Память тела — страница 12 из 44

Стемнело, пора расставаться, дошли до метро. Она задумалась – и, как будто приняв какое-то решение, сказала:

– Провожать не надо, а вот если хотите, приходите ко мне в гости.


Все эти дни он думал только о ней, пытался понять, вообразить… Он заметил в ней черты решительности, даже резковатости. «Раз так, то так!» – порой добавляла она. «Может ли такая женщина броситься в омут? – спрашивал он себя. – Да, может. Захочет ли – уже другой вопрос». Эта её возможная бесшабашность кружила ему голову. В памяти всё время прокручивалось «Бабье лето», хит сезона:

Я кручу напропалую

с самой ветреной из женщин.

Я давно искал такую —

и не больше

и не меньше.

Я забыл, когда был дома,

спутал ночи и рассветы.

Это омут,

это омут —

бабье лето,

бабье лето[3].

Он уже готовил себя к погружению в этот омут, хотя вовсе не собирался в нём утонуть. Он хотел выйти из него с верной спутницей, разделяющей с ним и крутые виражи жизни, и долгий труд, и упорное движение к цели. Глубокая, откровенная, порывистая, в меру жёсткая…

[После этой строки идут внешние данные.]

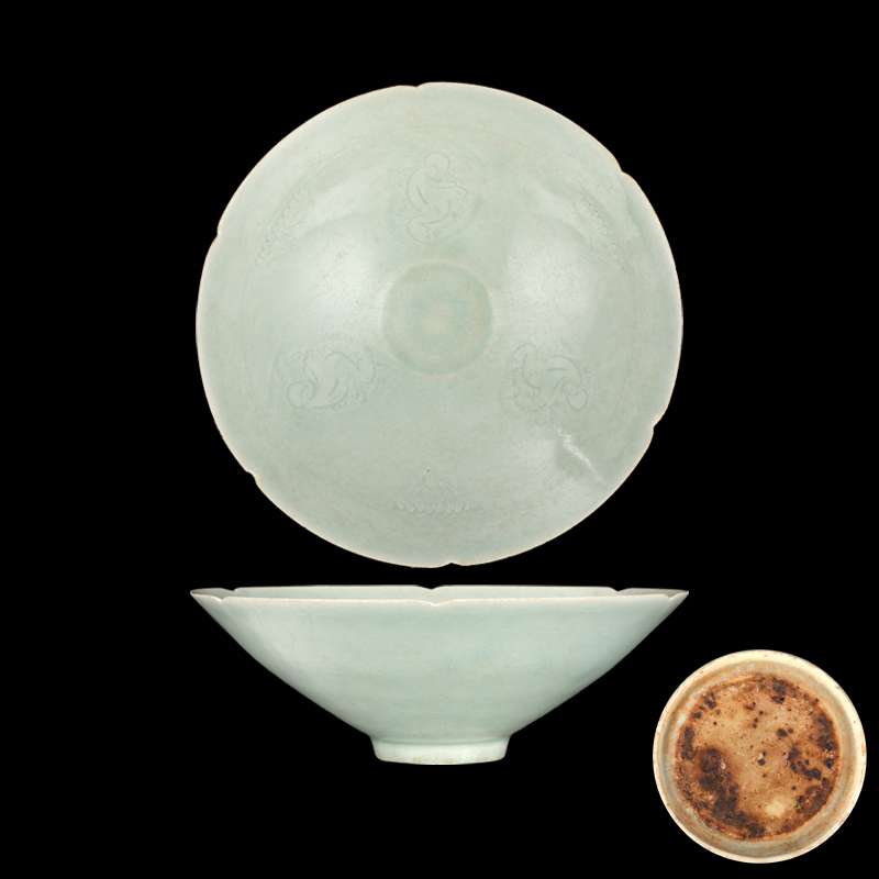 宋代湖田窑影青六葵口孩儿斗笠碗
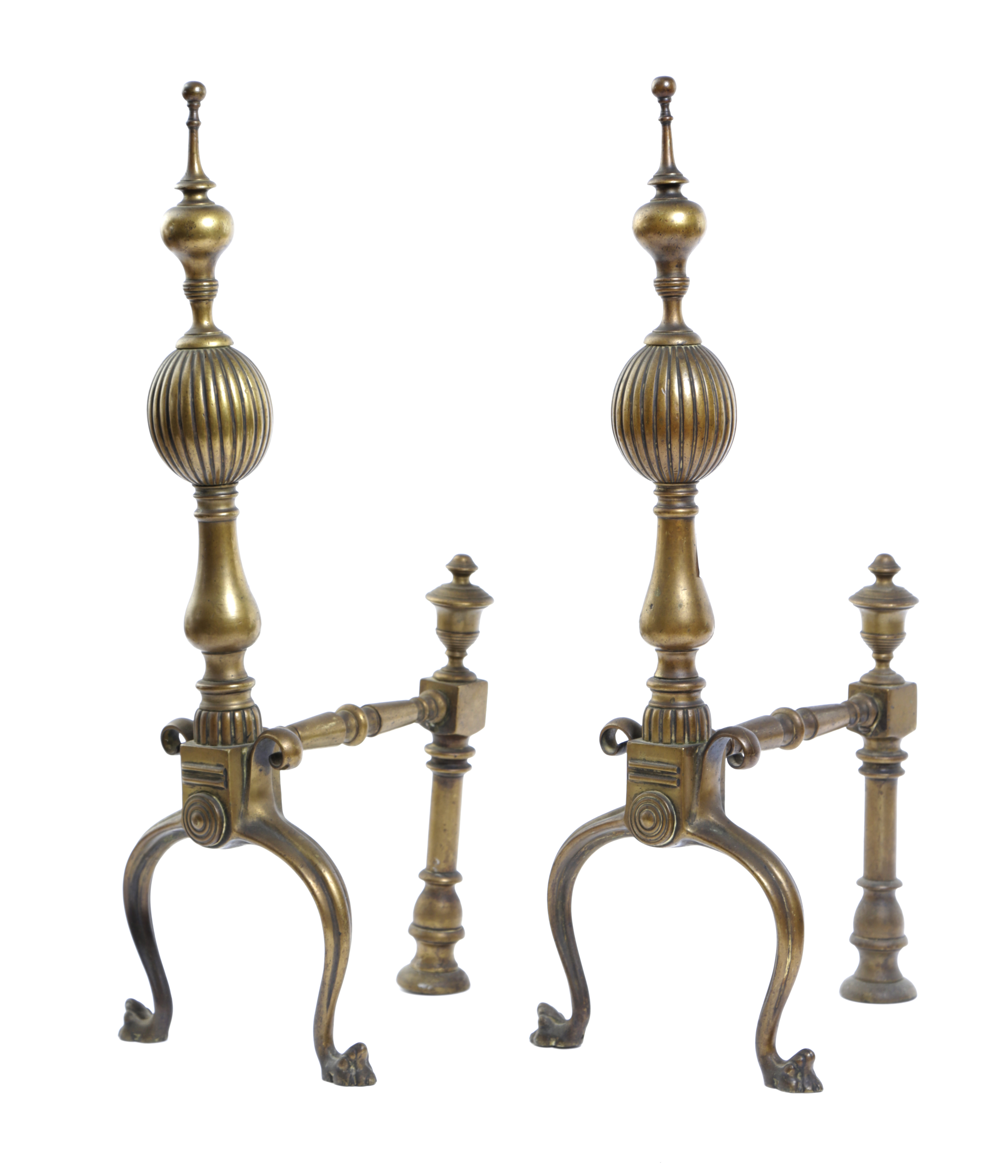 each with a turned finial above a reeded orb, baluster stem and scrolling front legs (2)
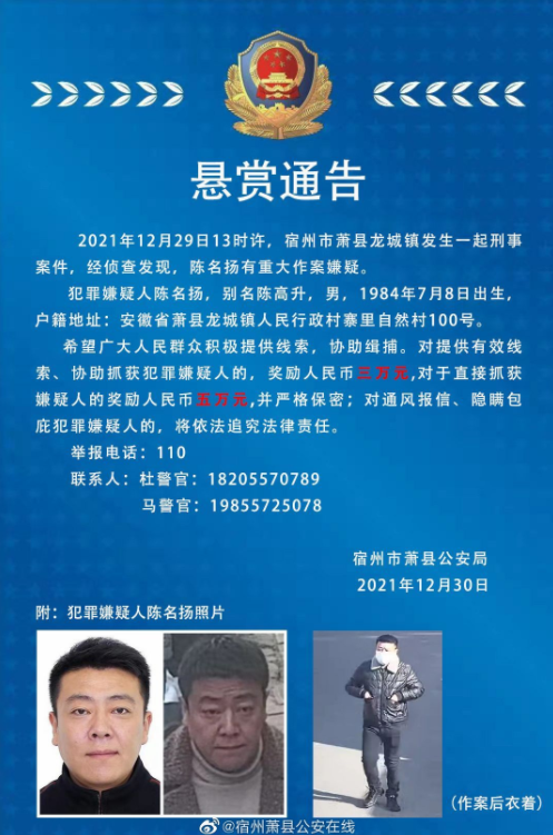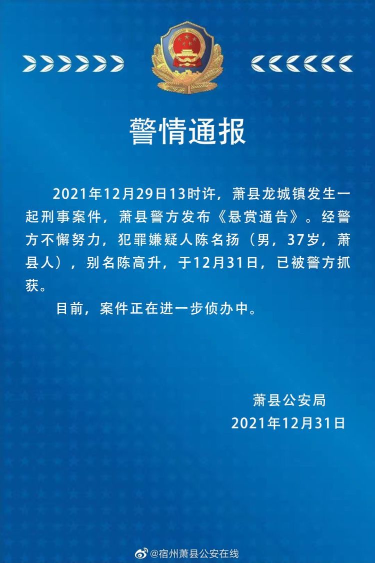 2021年12月29日13时许,萧县龙城镇发生一起刑事案件,萧县警方发布《悬赏通告》。经警方不懈努力,犯罪嫌疑人陈名扬(男,37岁,萧县人) ,别名陈高升,于12月31日,已被警方抓获。
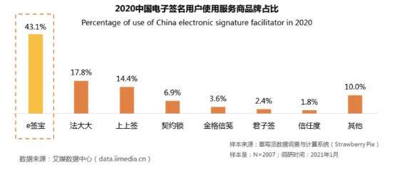 据艾媒咨询发布的《2020-2021年中国电子签名行业发展现状及用户调研分析报告》数据显示,2020中国电子签名用户使用服务商品牌占比上,e签宝达到43.1%,占据市场份额首位。
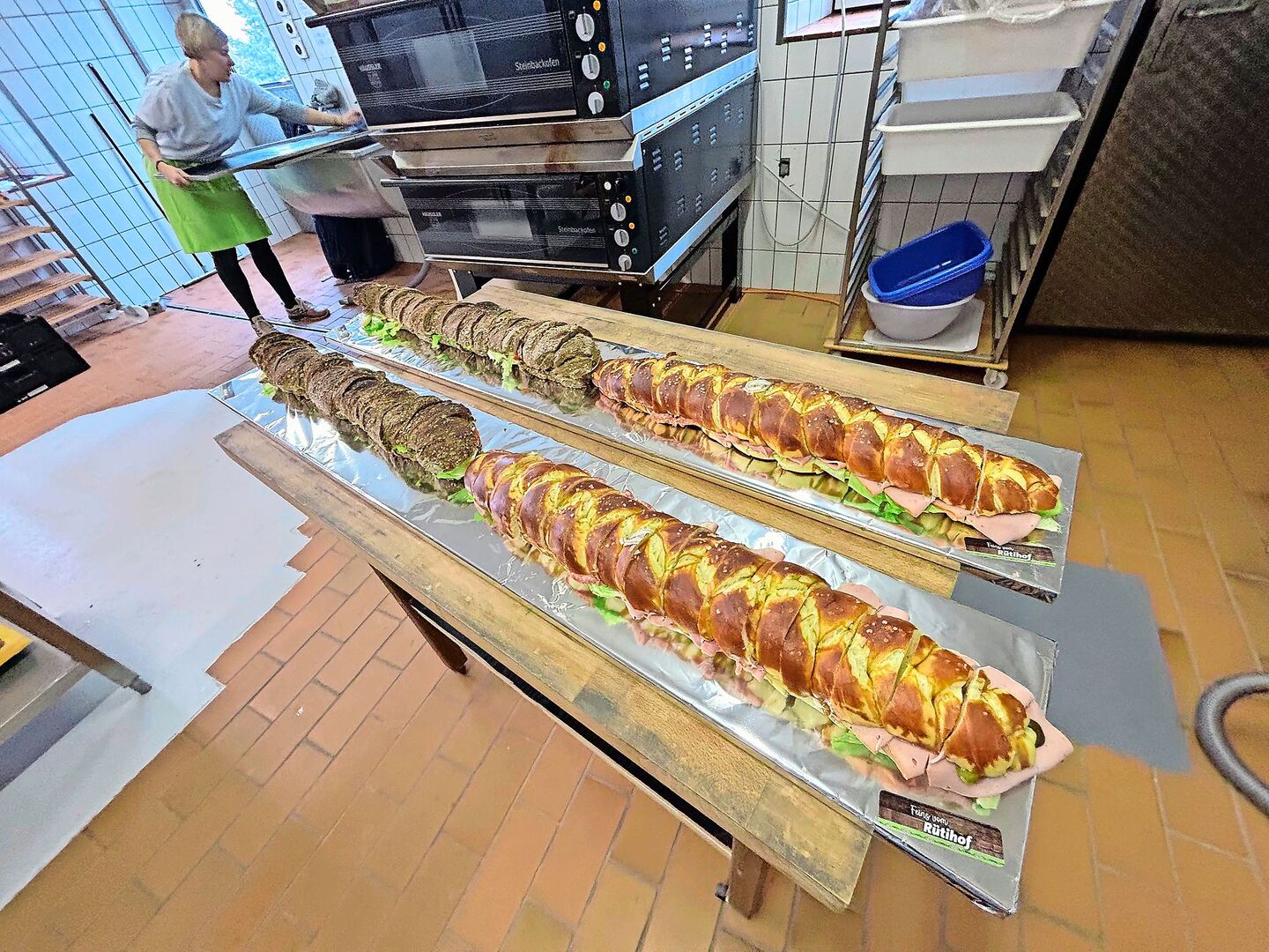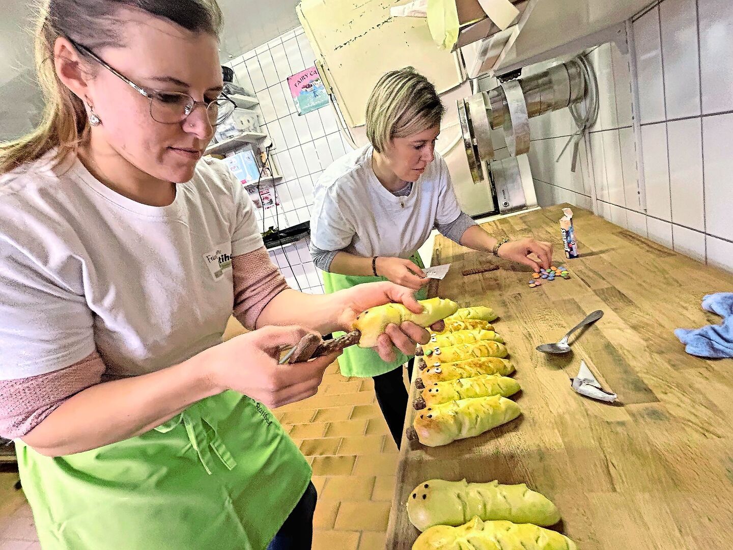 In der Backstube ist keine Sitzecke, nicht mal ein Stuhl – weder in dem dazugehörenden Lager noch in der Verarbeitungsküche. Kein Zweifel, die Zwillingsschwestern Jennifer und Vanessa (34) sind nicht zum Kaffeetrinken da. Flink, routiniert, ohne stressig zu wirken, backen sie seit dem frühen Morgen meterlange Sandwichbrote, Gebäck und eine Torte.

Помимо уже заготовленной книги в подарок, он тщательно выбирал вино и запасся тремя бутылками: шампанским, белым сухим и красным сладким десертным, решив действовать по обстоятельствам. Он уже воображал, как они, обнявшись, долго смотрят в глаза другу другу, они у неё тёмные и мерцающие. И, наглядевшись, слившись зрачками, начинают входить друг в друга, как бы ввинчиваться по спирали, как открывают пробки, чтобы разлить вино…


Судя по просторной и несколько эклектичной прихожей, квартира была большой, может быть, коммунальной. Она его провела в комнату, где уже стояли на столе закуски, печенье, конфеты. Обрадовалась книге и чмокнула его в щёку. Он вытащил из портфеля бутылку сухого. Продолжили разговор, который начался в парке. Внутренне она держалась с ним на таком же расстоянии, не ближе, но и не дальше. Как и тогда, на что-то отвлекалась, к чему-то прислушивалась – и снова к нему возвращалась, вникала, размышляла вслух. Было хорошо. Бутылка подходила к концу, он уже готовился достать красное и представлял, что вот-вот они подвинутся ближе друг к другу…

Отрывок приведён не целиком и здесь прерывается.